例えば、映画序盤で描かれる、2015年にドイツの自動車レース場ニュルブルクリンクでヤン・マーデンボロー起こした、観客に死者を出したクラッシュ事故。これは実際の事件ではあるが、映画と史実とでは描かれ方が若干異なっている。
映画では、序盤で描かれていることからわかるとおり、主人公がキャリア初期に起こした事件であり、ヤンは事件によってレーサーとして躍進するきっかけを得る。一方、史実においてこのクラッシュは、ヤン・マーデンボローのキャリア初期に起こったものではなく、すでにレーサーとして実績を積んだ後に起こった事件である。

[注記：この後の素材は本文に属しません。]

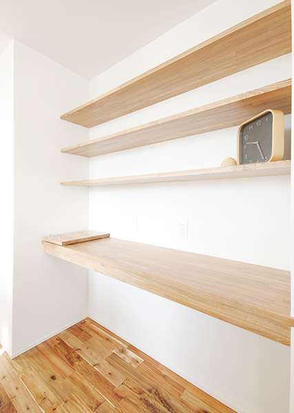 また既製品の収納を極力使用せず可動棚と飾り棚を多用したフレキシブルな収納計画もこだわりポイント。
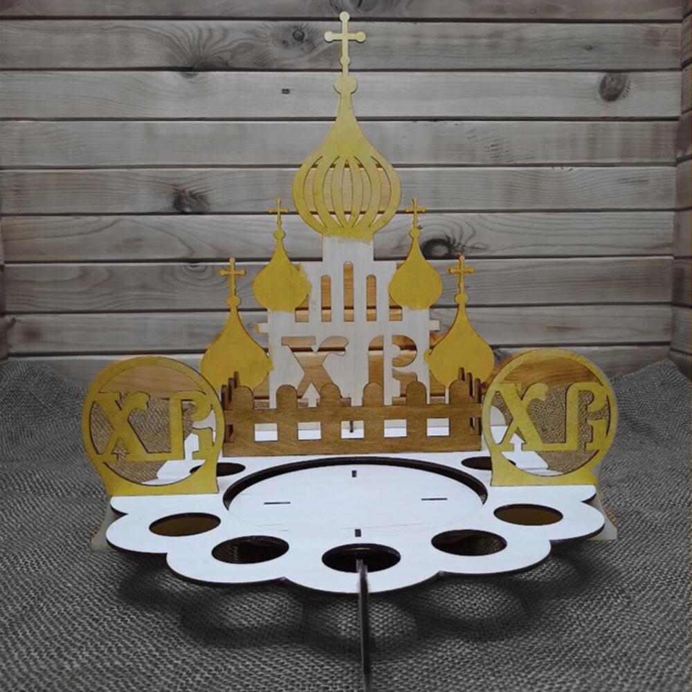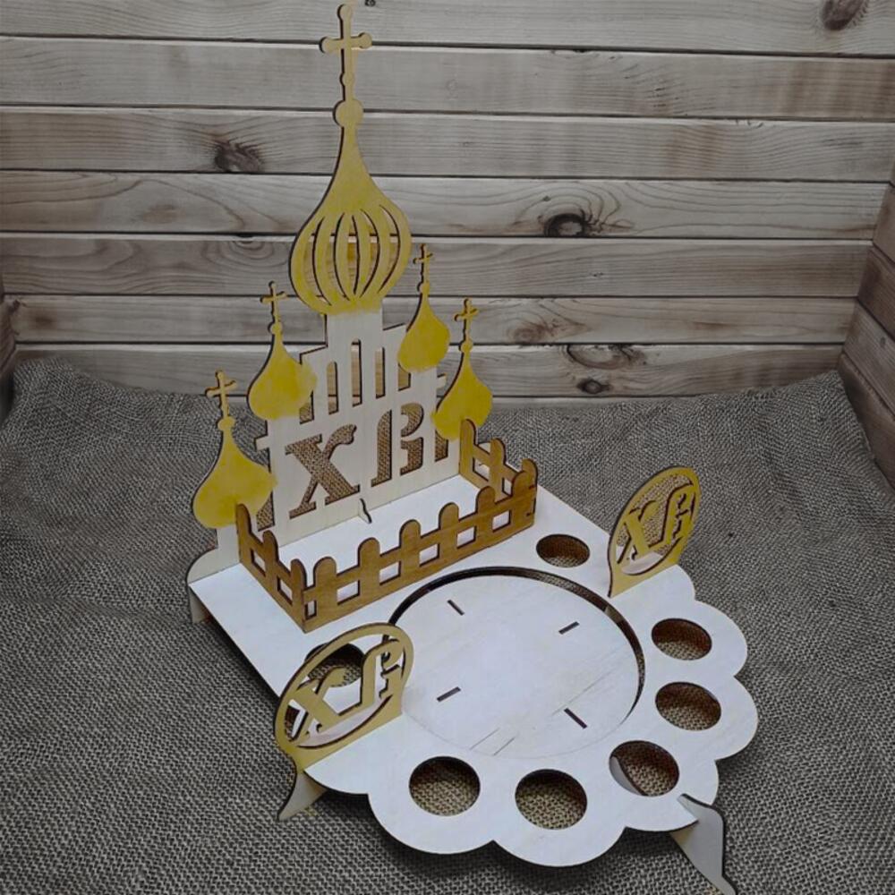 Декоративная пасхальная подставка Храм из березовой фанеры – это оригинальный и символичный элемент праздничного стола. Выполненная в форме православного храма, она создает особую атмосферу и напоминает о духовном значении праздника Пасхи. Подставка имеет ячейки для пасхальных яиц, кулича и отсек для булочек или конфет. Такая конструкция позволяет красиво и компактно разместить все традиционные пасхальные угощения на столе. Изготовленная из экологичной березовой фанеры, подставка обладает прочностью и долговечностью. Натуральный цвет и текстура дерева придают ей теплоту и естественность, а форма храма – особый шарм и значимость. Декоративная пасхальная подставка Храм – это не просто элемент сервировки стола, а символ праздника и семейных традиций. Она станет прекрасным украшением пасхального стола и будет напоминать о светлом празднике Воскресения Христова. Изделие выполнено только из экологичных материалов, и окрашено натуральными пропитками. Размер (Ш * Г * В): 27 * 30 * 35 см
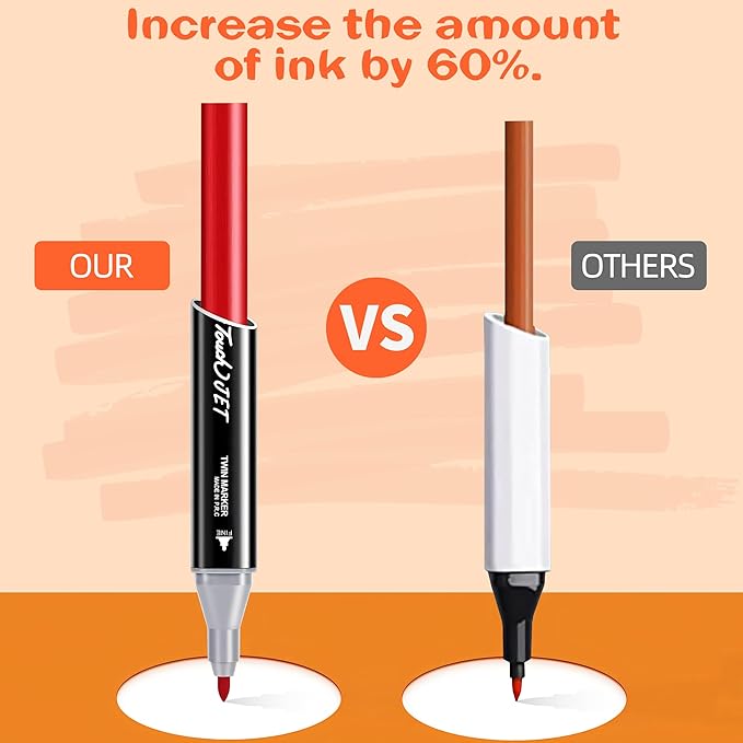 • 【DISTINCTIVE DOUBLE HEAD CONFIGURATIONS】: The square barrel design of the markers pen ensures a stable grip and no slipping during usage. It features a dual nibs design, consisting of a thick chisel and a fine tip, providing versatility. The fine tip alcohol markers are ideal for detailed marking in calligraphy, while the wide chisel tip is suitable for large area application. With two distinct nibs and a matching design, seamless color blending is achievable, enhancing the coloring efficiency.
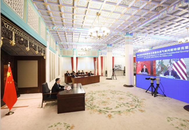 Zëvendëskryeministri kinez Han Zheng u takua me të dërguarin e posaçëm të presidentit amerikan për klimën John Kerry, duke theksuar besimin në bashkëpunimin Kinë-ShBA për ndryshimin e klimës.
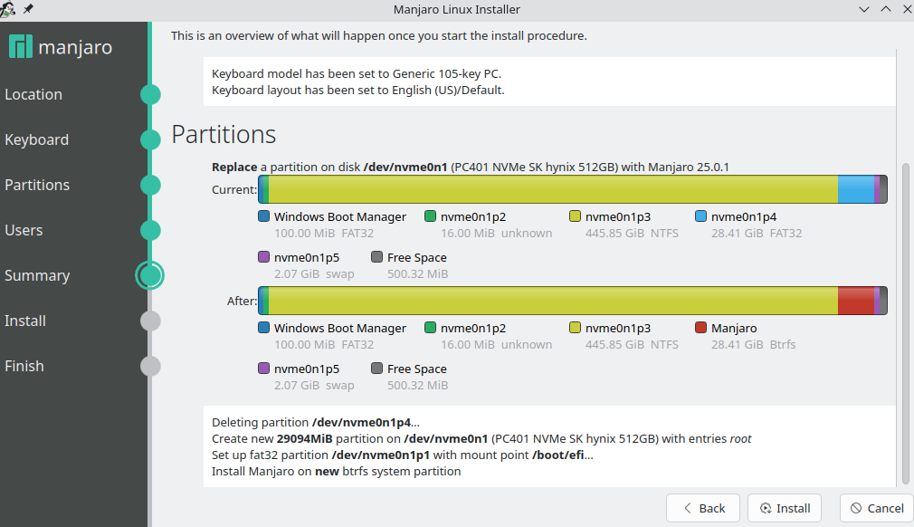 I love how Manjaro gave me so much information in the screen above what it was going to do, and that it knew to not mess with my Windows install (I’m hoping it is still there). As I’ve been typing this, the installer has finished up and is ready to restart.
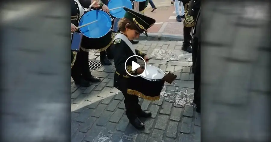 El pequeño Hugo ha participado esta Semana Santa como miembro de la Agrupación Musical Sentencia de Jerez, y como se puede ver en las imágenes, se ha convertido en todo un protagonista por su desparpajo y su arte, a pesar de su corta edad. Su madre, Vanessa Ferrer, ha publicado a su hijo en acción, y la imagen no ha tardado en viralizarse.
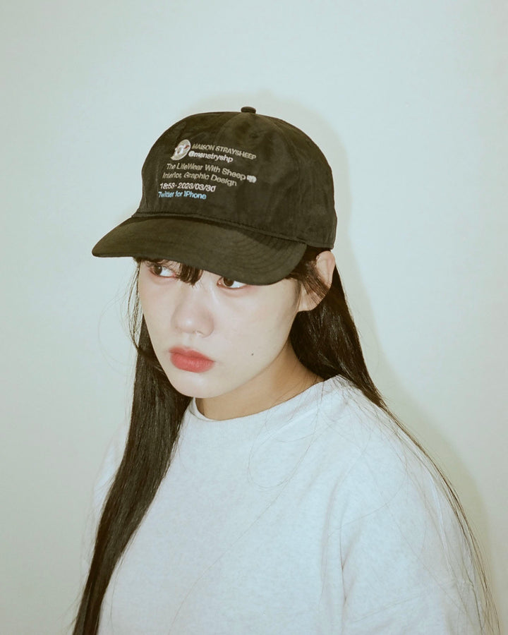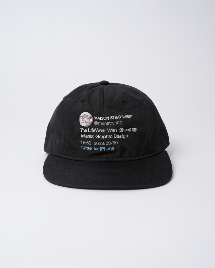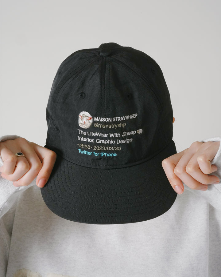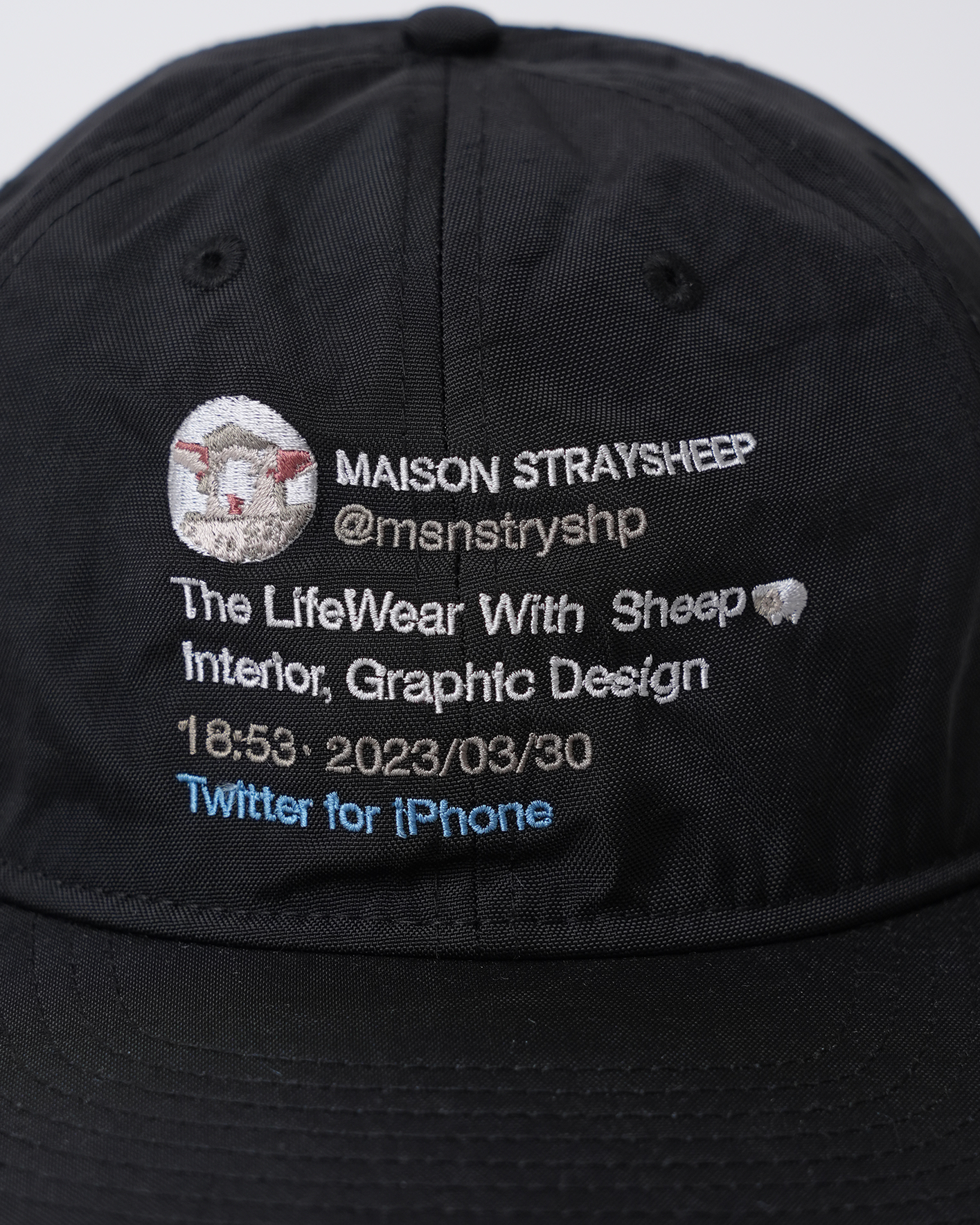 MAISON STRAYSHEEPの実際のTweetを元に刺繍を施されたナイロンキャップです。Xで使用可能な羊の絵文字も再現しました。

作り手は、このクラッシュ事故をあえて序盤に配することで、主人公の運命が変わるターニングポイントを印象的に演出することに成功している。
また、本作には史実には存在しない、架空の登場人物も登場する。何を隠そう、先に紹介したデヴィッド・ハーバー演じる、鬼教官・ジャック・ソルターもその一人だ。
本作は史実を大胆に変更しているが、それは、作品に車のカッコ良さや、迫力だけではない、人間的でハートフルな魅力を付け加えようという作り手の狙いに基づいている。